Triton gives wrong output

Description

The problem with the inference of the classifier model (HRNet W30) via the Triton Inference Server (of just Triton). The model was trained for 2 classes using MMPretrain (PyTorch underneath is used) framework. Then the weights are converted using the deploy.py script from MMDeploy framework into TensorRT format and were running inside Triton.

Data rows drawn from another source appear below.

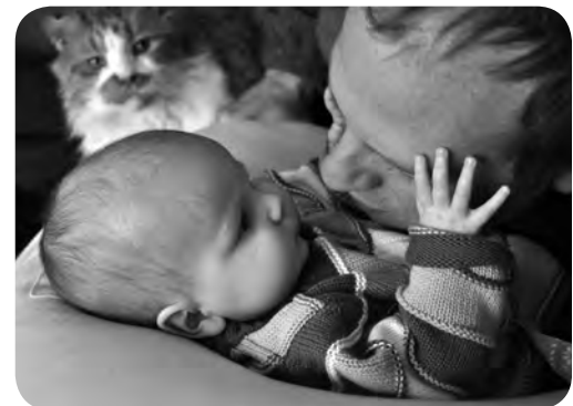
Rhys & Sandt 2011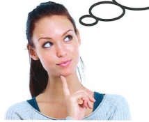
Thinking About Taking on a Home Improvement Project Yourself?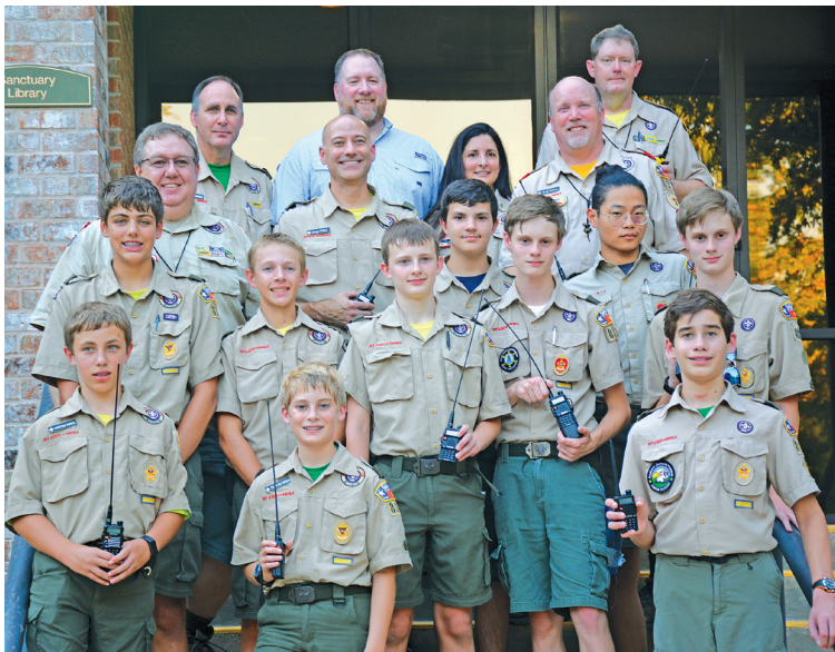
The Scoutmasters and Scouts of Troop 839, KW9BSA.

Another challenge was Scout parents not knowing which radios to buy. Thankfully, the four hams who were already in the troop committed to donating a radio when Scouts got licensed. Additionally, when a Scout earned their license, they would have completed most of the requirements for the Radio Merit Badge as well. Radios then became the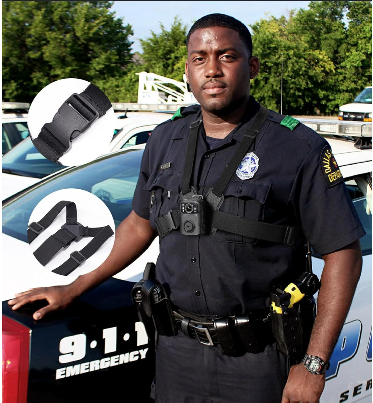
Image: A police officer wearing the BOBLOV KJ23Pro camera with an adjustable chest mount for hands-free recording.

Comfortable Wearable Chest Strap with Snap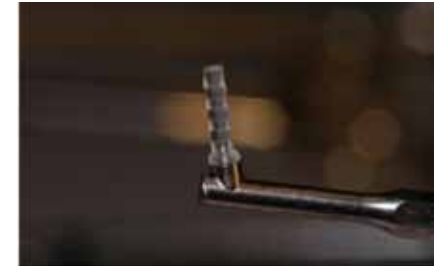
Fig. 3: SonicPin Rx 2.1 x 11 mm.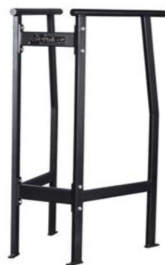
Dip Press stand Art.nr: 155

Length: 80 cm Width: 80 cm Height: 140 cm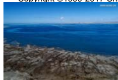
Aerial photos of Qinghai Lake in NW China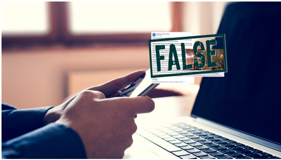
Clarification regarding falsehood published by Singapore States Times on quarantine of foreign workers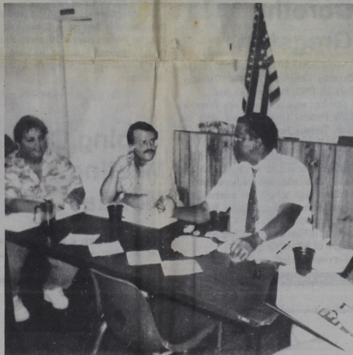
COMMUNITY ACTION PLANNING

Pioneer Pentecostal Church will conduct worship services at Colonial Oaks Nursing Home on Sunday, August 1, commencing at 3:30 p.m.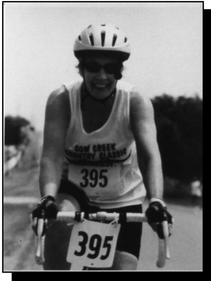
The author riding in the Hottern Hell Hundred, Wichita Falls, Texas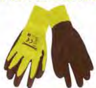
Hi-Viz Yellow Latex Thermal Gloves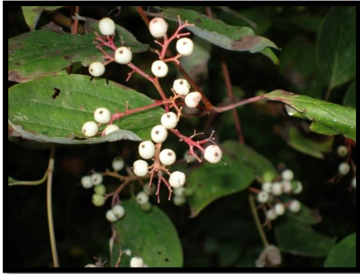
← Red Osier Dogwood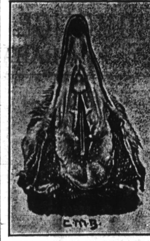
SECTION SHOWING ROOF OF MOUTH AND CLAW.

When fowls breathe air is drawn through the nostrils, passes down through the cleft in the roof of the mouth to the opening (larynx) of the windpipe (trachea) and thence to the lungs. A bubble at the nostril indicates cold. The watery discharge thickens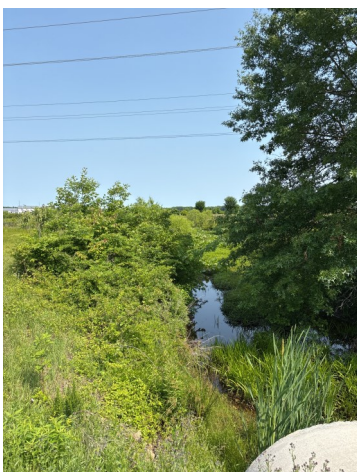
White Oak Tax Ditch at Garrison Oak

Two new briefings have been added to the Ditch Hub. The first briefing, "Living with the Tax Ditch" provides information to homeowners about the Tax Ditch in your backyard and what you can do to promote good Tax Ditch function. The second briefing, "White Oak Road Ditch Maintenance & Regrading" provides specific information related to the ditch maintenance and regrading project taking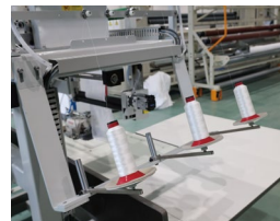
大线轴设计 Large Size Spool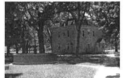
Historic Home in downtown park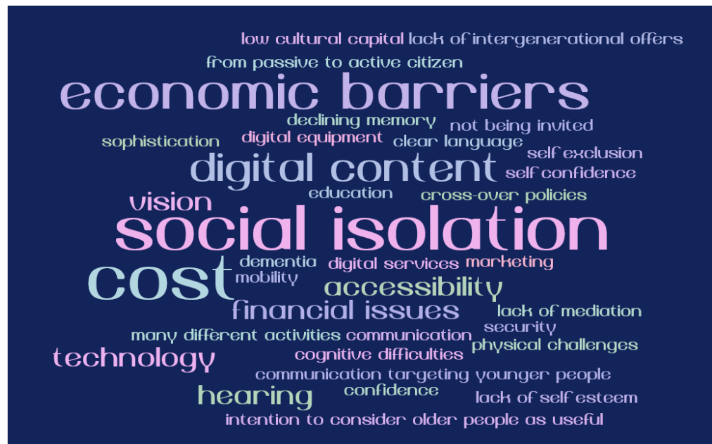
2: Word cloud: "Which barriers hinder the cultural participation of older people?" (F6)

The three most frequently named barriers are social isolation, economic barriers (including costs), and digital content but there are many others that need to be considered in order to improve older people's cultural participation.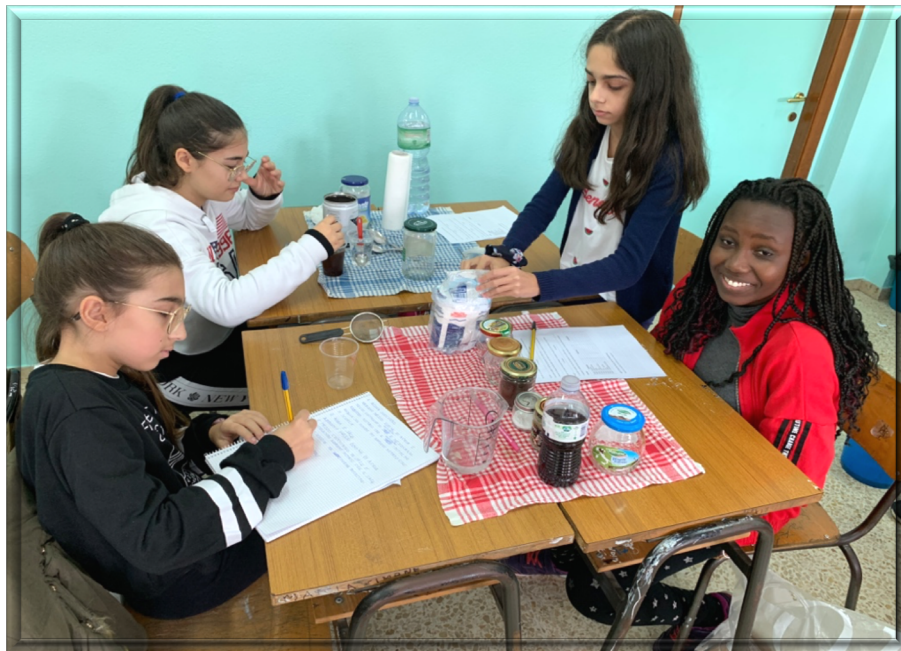
Laboratory in the classroom. Chemistry: solutions. Collaborative task: We need all hands on deck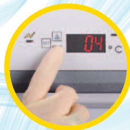
Digital temperature controller with intuitive interface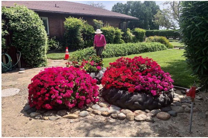
Clairelee grew these beautiful geraniums in tractor tires in her side yard.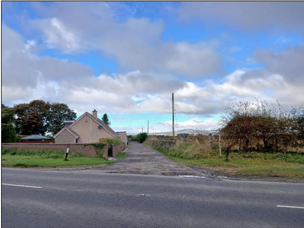
Plate 25: Northwest facing view from the road to the south of Douglastown House (Asset 108)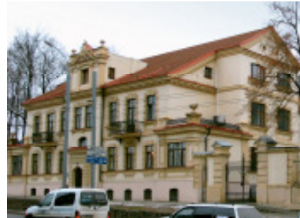
Lithuanian Road Administration in Vilnius, Lithuania

Q: What is your name and for which organization do you work?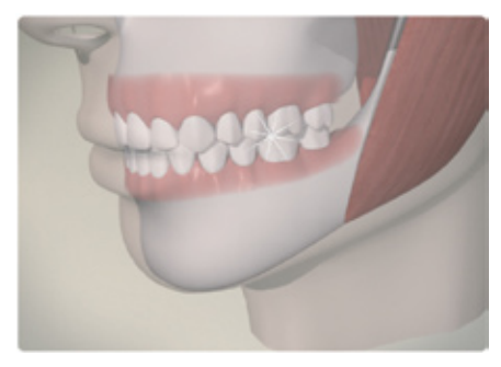
6. FINAL CROWN IS CEMENTED IN PLACE.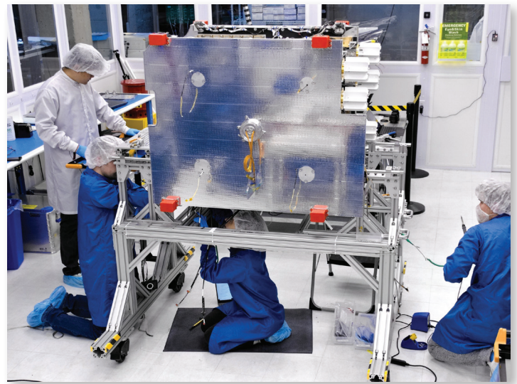
Astranis' first ever Arcturus MicroGEO satellite.

The Arcturus MicroGEO satellite is now in final assembly and set for launch in the winter of 2022.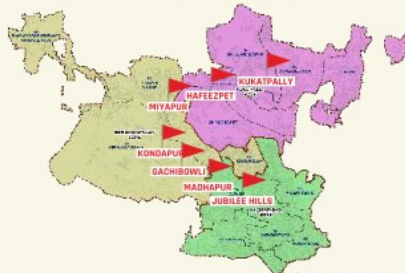
Numbers of Dogs Sterilized and Vaccinated area wise... 2018-19

Total number of dogs operated 8198 (3910 Male, 4288 Female)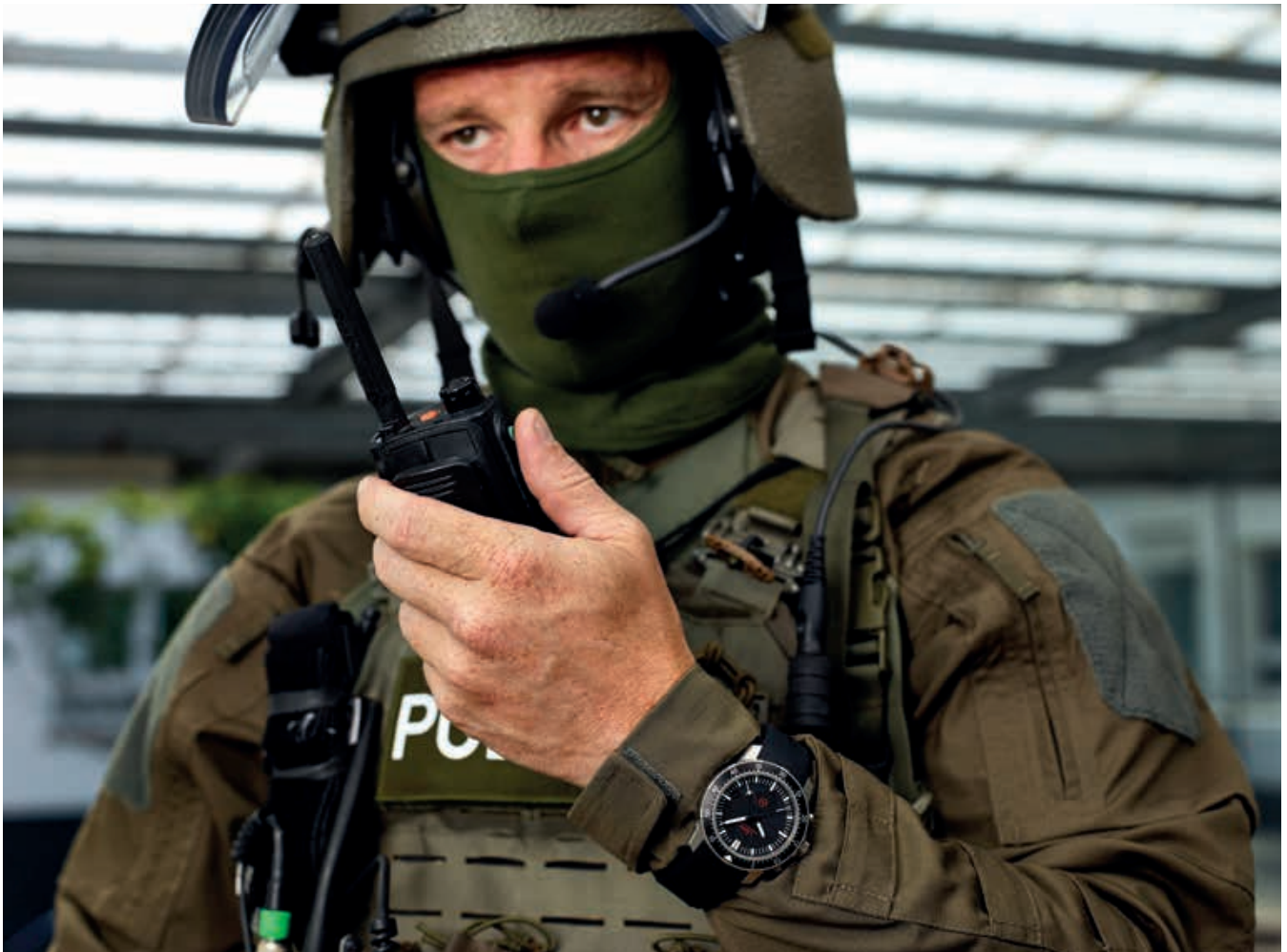
The EZM 1.1 on a mission, here worn over the uniform.

Key to ensuring such functionality when developing these timepieces is our cooperation with experts in the respective fields, i.e. those actually using and relying on the high performance of the timepieces out in the field. Quite often these experts are faced with critical situations, where minutes and seconds become a matter of life and death – both their own and other people's. It is these users and even more so the respective conditions in which they operate that define and determine form and functionality. Many questions arise in the beginning: How can we better protect the watches? What will be required of the watch in extreme situations? What must it be able to withstand? Which functions are particularly important for this particular mission? Consequently, no two mission timers are the same – especially given the fact that each mission timer is equipped with functions relevant to the demands of its specific mission. Identical construction and design features are apparent, however. One general principle applies to them all: focus on the key essentials in terms of outstanding readability and rapid time-recording.

Model weights worked correctly before conversion. After converting the weights into TensorRT format, the correct classification is also given through the test script from MMPretrain github - image_demo.py.

But when I try to get predicts via Triton server (using asynchronous requests), the model always returns a constant predicts. Its result through triton is always 1 confidence for the first class and 0 for the second.

To inference the Triton server, the original code from Nvidia's examples is used - simple_grpc_async_infer_client.py, just upgraded to operate with image. (see “The modified inference script”).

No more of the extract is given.